### Assigned task
After locating the line that contains "De afgelopen raadsperiode", output that line and each one following it, exactly, to the end of the entries. No pictures.

### Extracted information
◆ ◆ ◆

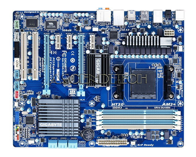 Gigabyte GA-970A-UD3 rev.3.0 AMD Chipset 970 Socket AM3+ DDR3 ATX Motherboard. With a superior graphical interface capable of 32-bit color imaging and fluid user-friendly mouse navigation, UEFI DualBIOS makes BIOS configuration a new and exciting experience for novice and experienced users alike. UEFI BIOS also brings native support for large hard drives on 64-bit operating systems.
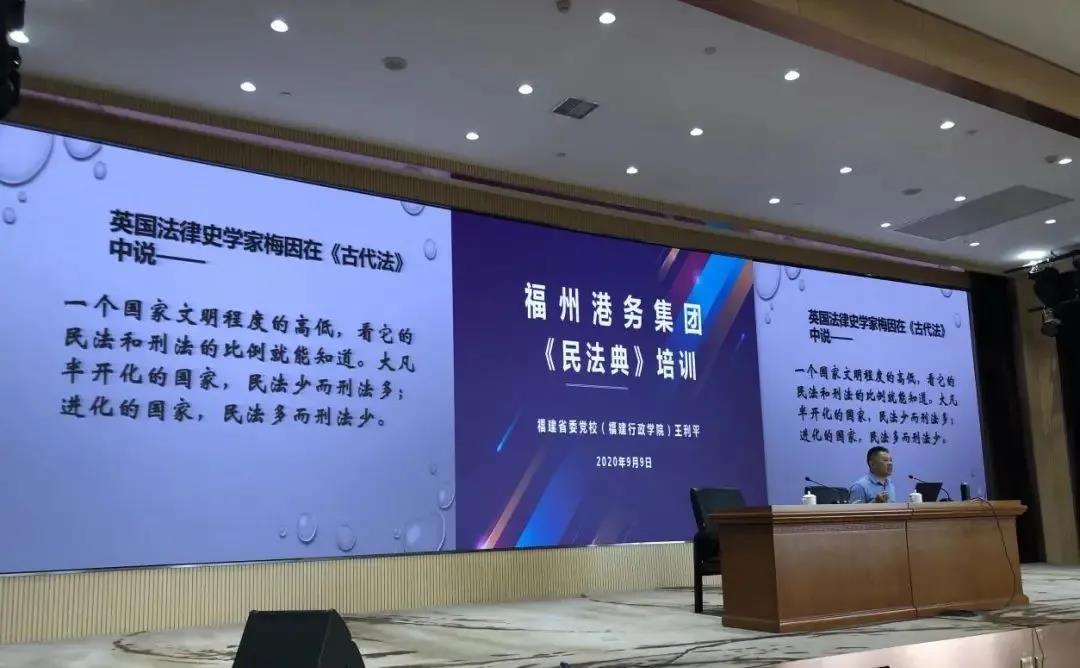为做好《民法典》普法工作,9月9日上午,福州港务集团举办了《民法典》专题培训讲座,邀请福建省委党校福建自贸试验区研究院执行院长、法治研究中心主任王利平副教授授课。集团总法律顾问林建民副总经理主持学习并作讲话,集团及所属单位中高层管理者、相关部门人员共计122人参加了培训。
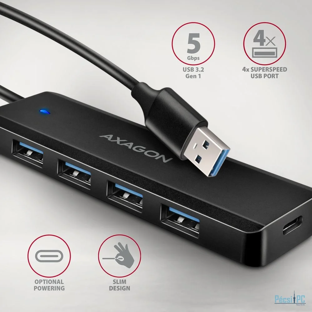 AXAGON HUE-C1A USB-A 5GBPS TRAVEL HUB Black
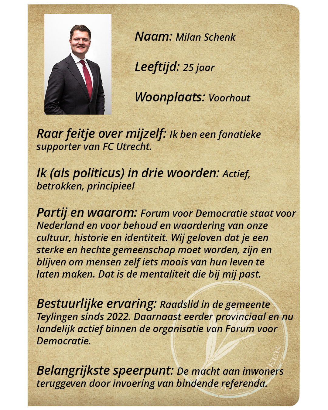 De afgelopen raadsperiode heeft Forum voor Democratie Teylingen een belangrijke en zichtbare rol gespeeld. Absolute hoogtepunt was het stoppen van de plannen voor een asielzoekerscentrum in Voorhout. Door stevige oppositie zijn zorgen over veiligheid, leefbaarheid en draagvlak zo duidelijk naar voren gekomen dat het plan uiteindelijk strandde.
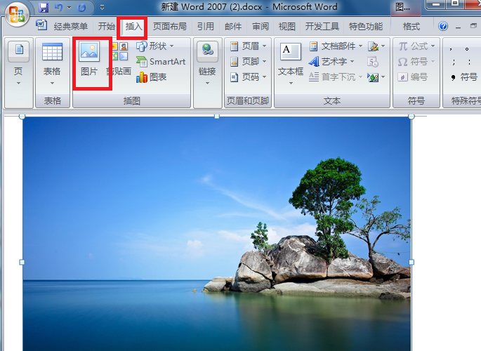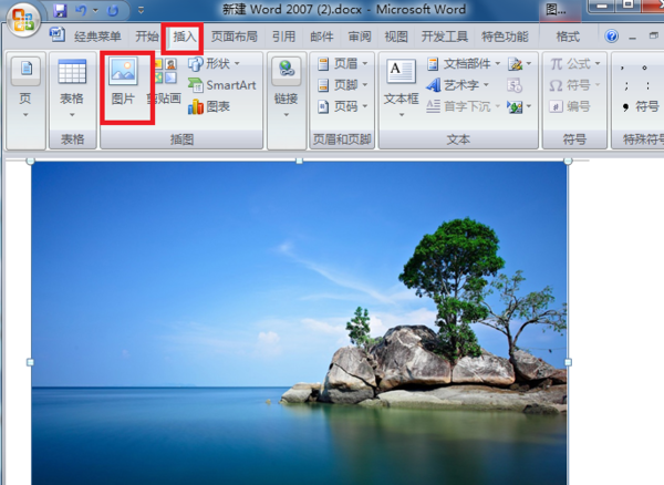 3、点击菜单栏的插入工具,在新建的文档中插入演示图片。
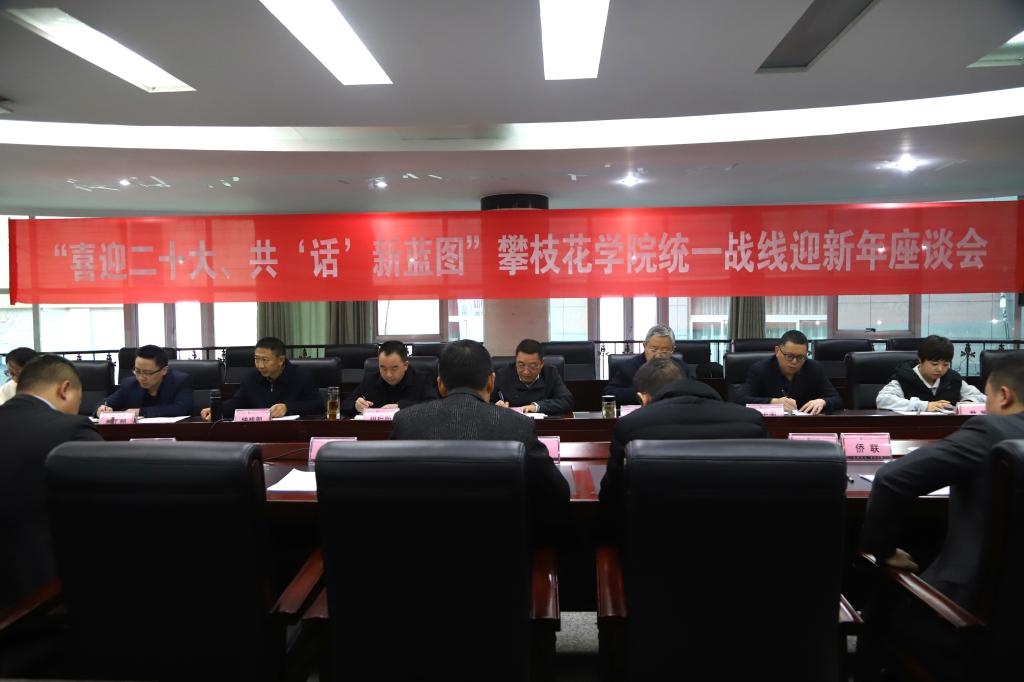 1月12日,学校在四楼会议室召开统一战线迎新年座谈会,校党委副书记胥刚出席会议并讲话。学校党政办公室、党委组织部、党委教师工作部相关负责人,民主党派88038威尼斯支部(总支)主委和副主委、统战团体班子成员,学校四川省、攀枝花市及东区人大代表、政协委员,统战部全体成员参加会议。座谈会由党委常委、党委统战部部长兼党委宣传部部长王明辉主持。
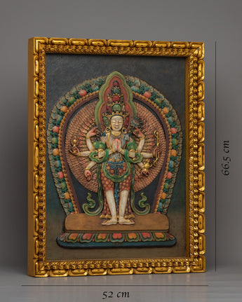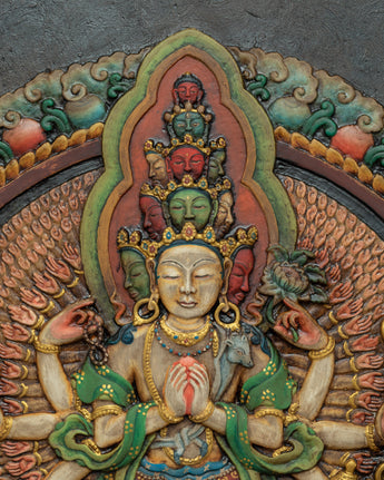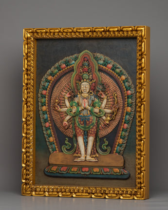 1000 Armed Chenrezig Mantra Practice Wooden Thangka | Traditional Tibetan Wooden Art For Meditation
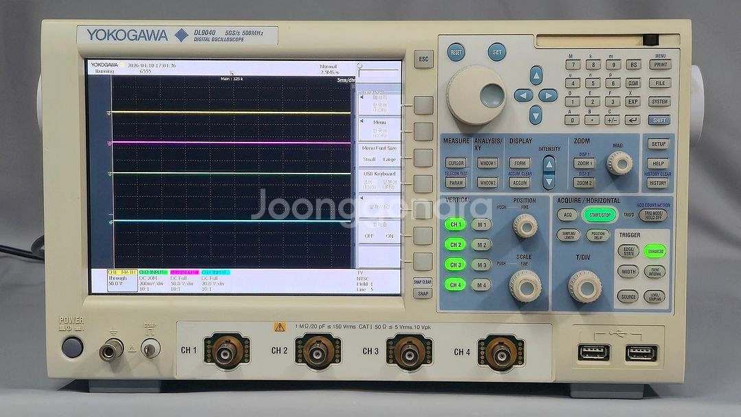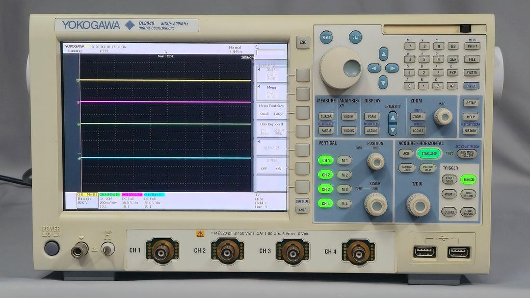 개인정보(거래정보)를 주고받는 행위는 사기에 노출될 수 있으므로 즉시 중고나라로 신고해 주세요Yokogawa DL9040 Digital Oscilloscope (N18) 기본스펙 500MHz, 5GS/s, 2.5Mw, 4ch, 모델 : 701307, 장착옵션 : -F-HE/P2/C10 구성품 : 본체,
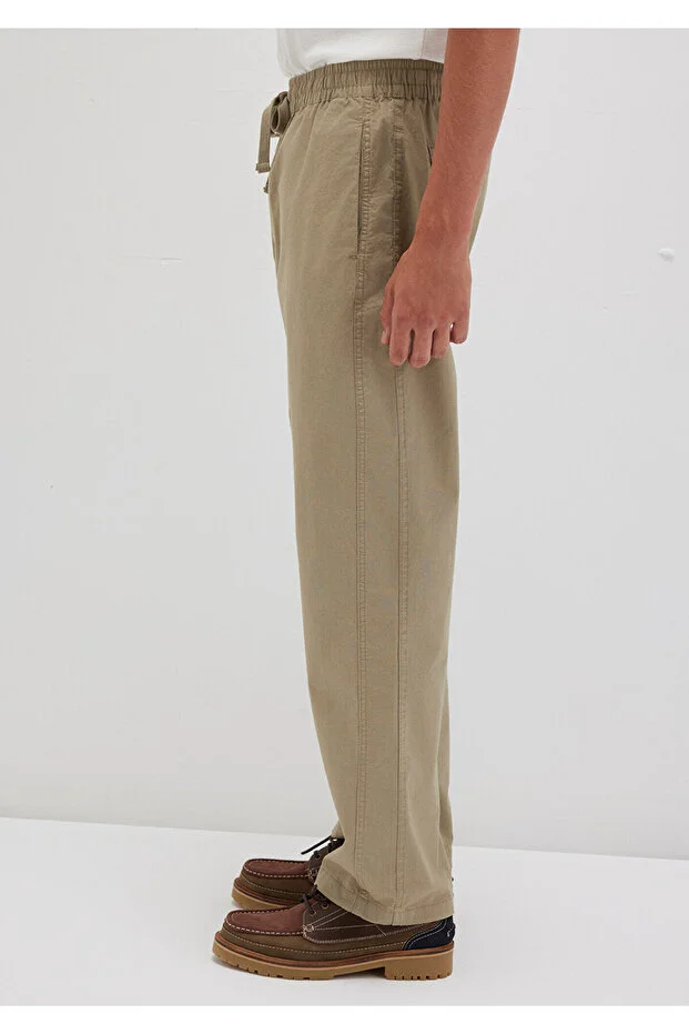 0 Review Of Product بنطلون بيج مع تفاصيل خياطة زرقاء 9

◆ ◆ ◆

### Task output
 De afgelopen raadsperiode heeft Forum voor Democratie Teylingen een belangrijke en zichtbare rol gespeeld. Absolute hoogtepunt was het stoppen van de plannen voor een asielzoekerscentrum in Voorhout. Door stevige oppositie zijn zorgen over veiligheid, leefbaarheid en draagvlak zo duidelijk naar voren gekomen dat het plan uiteindelijk strandde.
 3、点击菜单栏的插入工具,在新建的文档中插入演示图片。
 1月12日,学校在四楼会议室召开统一战线迎新年座谈会,校党委副书记胥刚出席会议并讲话。学校党政办公室、党委组织部、党委教师工作部相关负责人,民主党派88038威尼斯支部(总支)主委和副主委、统战团体班子成员,学校四川省、攀枝花市及东区人大代表、政协委员,统战部全体成员参加会议。座谈会由党委常委、党委统战部部长兼党委宣传部部长王明辉主持。
 1000 Armed Chenrezig Mantra Practice Wooden Thangka | Traditional Tibetan Wooden Art For Meditation
 개인정보(거래정보)를 주고받는 행위는 사기에 노출될 수 있으므로 즉시 중고나라로 신고해 주세요Yokogawa DL9040 Digital Oscilloscope (N18) 기본스펙 500MHz, 5GS/s, 2.5Mw, 4ch, 모델 : 701307, 장착옵션 : -F-HE/P2/C10 구성품 : 본체,
 0 Review Of Product بنطلون بيج مع تفاصيل خياطة زرقاء 9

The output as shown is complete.